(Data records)
......

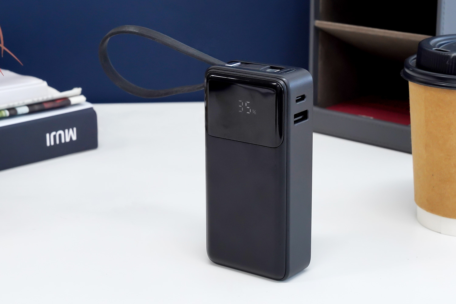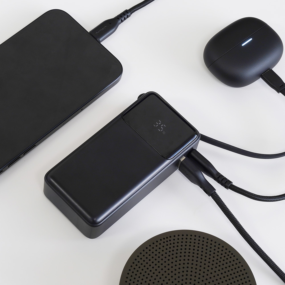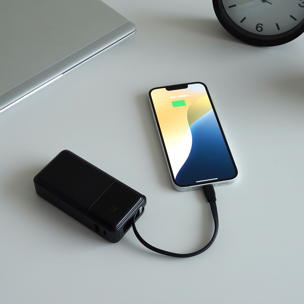 ケーブル一体型のモバイルバッテリーでいつでもすぐに充電
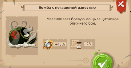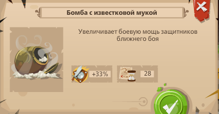 1. Бомба с известковой мукой(мука) - оборонительное орудие, увеличивает силу юнитов ближнего боя на 33%
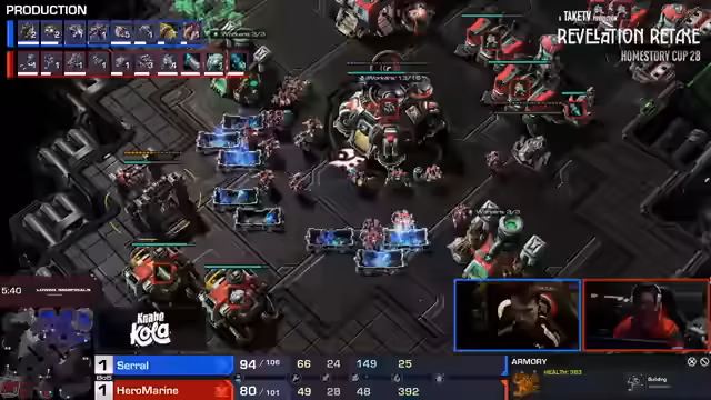 06:47:45Serral baut eine massiv starke Bio-Army auf, die aus Marines, Maraudern und vielen Medivacs besteht, während Hiromarine sich auf eine Mech-Komposition mit Tanks, Cyclons und Liberatoren verlässt. Analysten beobachten, dass Serrars Armeeversorgung bei 140 liegt, was eine signifikante numerische Überlegenheit darstellt. Hiromarines Armee wird jedoch als sehr effizient und robust bewertet, insbesondere durch seine hohe Anzahl an Minen und Defensive-Einheiten.
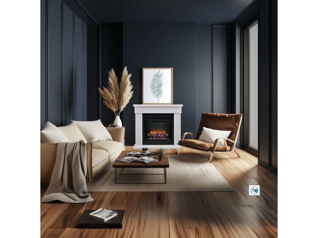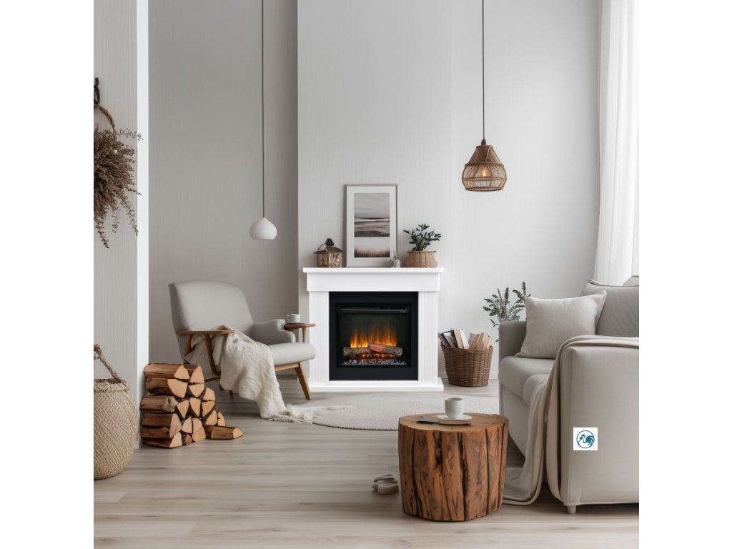 - Barva ostění krbu: Bílá
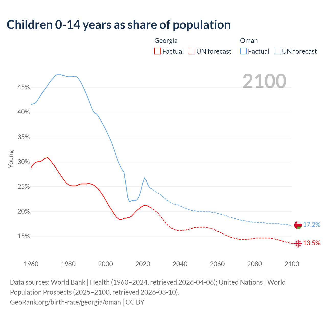 Georgia has an annual birth rate of 11.5 births per 1,000 people, compared to 16.8 for Oman. The average number of children a woman is expected to have during her lifetime — the fertility rate, is 1.81 in Georgia and 2.53 in Oman — 39.5% difference.
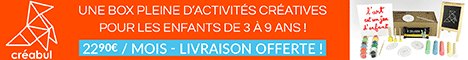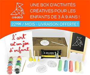 C’est une Box Créative Créabul qui contient au moins 5 activités pour les 3 ans et plus. Ça marche sous forme d’abonnement ou en achetant la box à l’unité. Cela fait aussi un cadeau original, dans ce cas là on conseillerait carrément la Box Découverte avec un contenu XL !
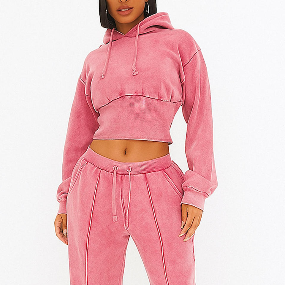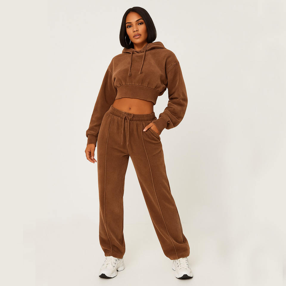ชุดวอร์มมูสมอคค่าสำหรับผู้หญิงชุดครอปมีฮู้ดและกางเกงวิ่งชุดใส่อยู่บ้าน
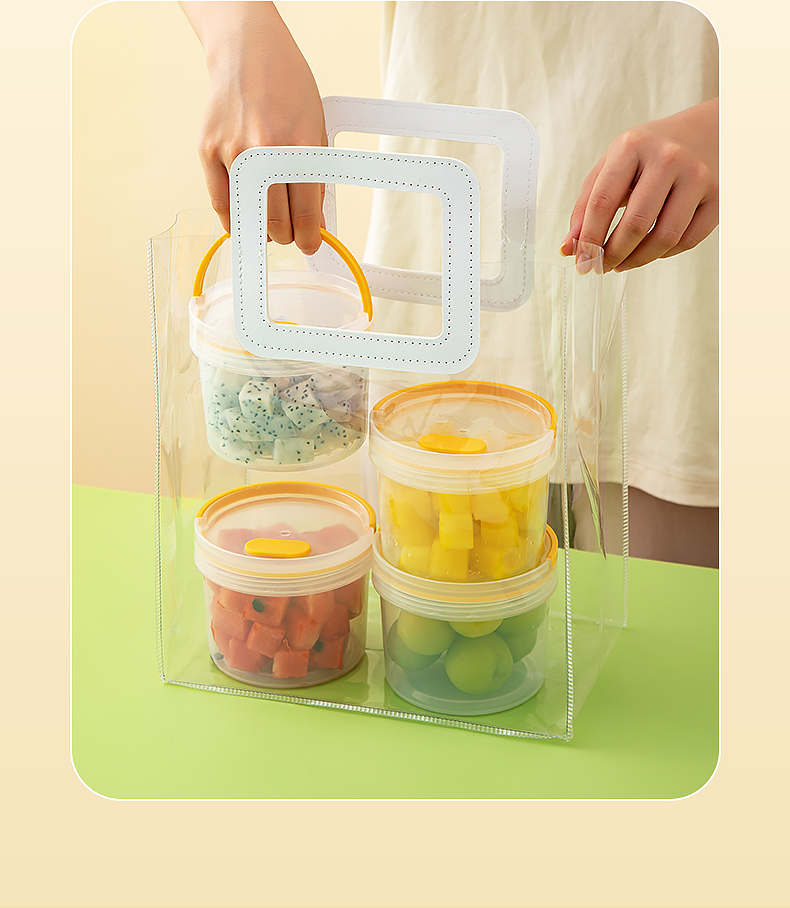 • 商品名称:带提手防尘防漏密封罐 便携透明果茶桶水果盒--中号矮款 480mL
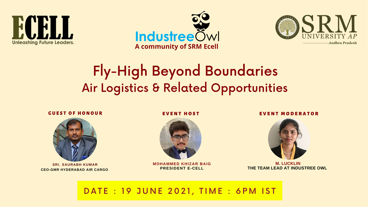 Industree Owl, a community of E-Cell and part of the Department of Innovation, Design and Entrepreneurship Academy (IDEA), SRM University-AP, has come forth to organise a motivating lecture on “Fly-High Beyond Boundaries – Air Logistics and Related Opportunities” with industry-expert, Sri Saurabh Kumar, CEO of GMR Hyderabad Air Cargo on June 19, 2021, at 6 pm. In the session, Sri Saurabh Kumar will enlighten and engage with the participants with his extensive knowledge and expertise in the domain. The objective behind organising such an event is to direct the students to the outer world through exploration, facilitating the participation in events conducted by various organizations, governments, or agencies. It will further benefit them with the internal training and mentoring needed to make them ‘competition ready’.
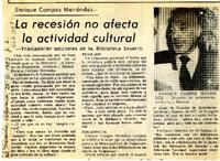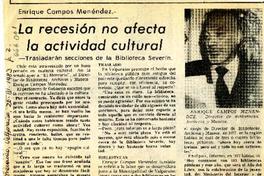 La recesión no afecta la actividad cultural [entrevista] : [artículo] El Mercurio (Diario : Santiago, Chile)-- mar. 26, 1983, p. 2. 1 página : ilustración en blanco y negro. .

......

EXERCISE INSTRUCTIONS -
Look above and copy only the lines from the one holding "06:47:45Serral baut eine" to the one holding "Industree Owl, a", both included, exactly, minus the pictures.

ANSWER TO THE EXERCISE -
 06:47:45Serral baut eine massiv starke Bio-Army auf, die aus Marines, Maraudern und vielen Medivacs besteht, während Hiromarine sich auf eine Mech-Komposition mit Tanks, Cyclons und Liberatoren verlässt. Analysten beobachten, dass Serrars Armeeversorgung bei 140 liegt, was eine signifikante numerische Überlegenheit darstellt. Hiromarines Armee wird jedoch als sehr effizient und robust bewertet, insbesondere durch seine hohe Anzahl an Minen und Defensive-Einheiten.
 - Barva ostění krbu: Bílá
 Georgia has an annual birth rate of 11.5 births per 1,000 people, compared to 16.8 for Oman. The average number of children a woman is expected to have during her lifetime — the fertility rate, is 1.81 in Georgia and 2.53 in Oman — 39.5% difference.
 C’est une Box Créative Créabul qui contient au moins 5 activités pour les 3 ans et plus. Ça marche sous forme d’abonnement ou en achetant la box à l’unité. Cela fait aussi un cadeau original, dans ce cas là on conseillerait carrément la Box Découverte avec un contenu XL !
ชุดวอร์มมูสมอคค่าสำหรับผู้หญิงชุดครอปมีฮู้ดและกางเกงวิ่งชุดใส่อยู่บ้าน
 • 商品名称:带提手防尘防漏密封罐 便携透明果茶桶水果盒--中号矮款 480mL
 Industree Owl, a community of E-Cell and part of the Department of Innovation, Design and Entrepreneurship Academy (IDEA), SRM University-AP, has come forth to organise a motivating lecture on “Fly-High Beyond Boundaries – Air Logistics and Related Opportunities” with industry-expert, Sri Saurabh Kumar, CEO of GMR Hyderabad Air Cargo on June 19, 2021, at 6 pm. In the session, Sri Saurabh Kumar will enlighten and engage with the participants with his extensive knowledge and expertise in the domain. The objective behind organising such an event is to direct the students to the outer world through exploration, facilitating the participation in events conducted by various organizations, governments, or agencies. It will further benefit them with the internal training and mentoring needed to make them ‘competition ready’.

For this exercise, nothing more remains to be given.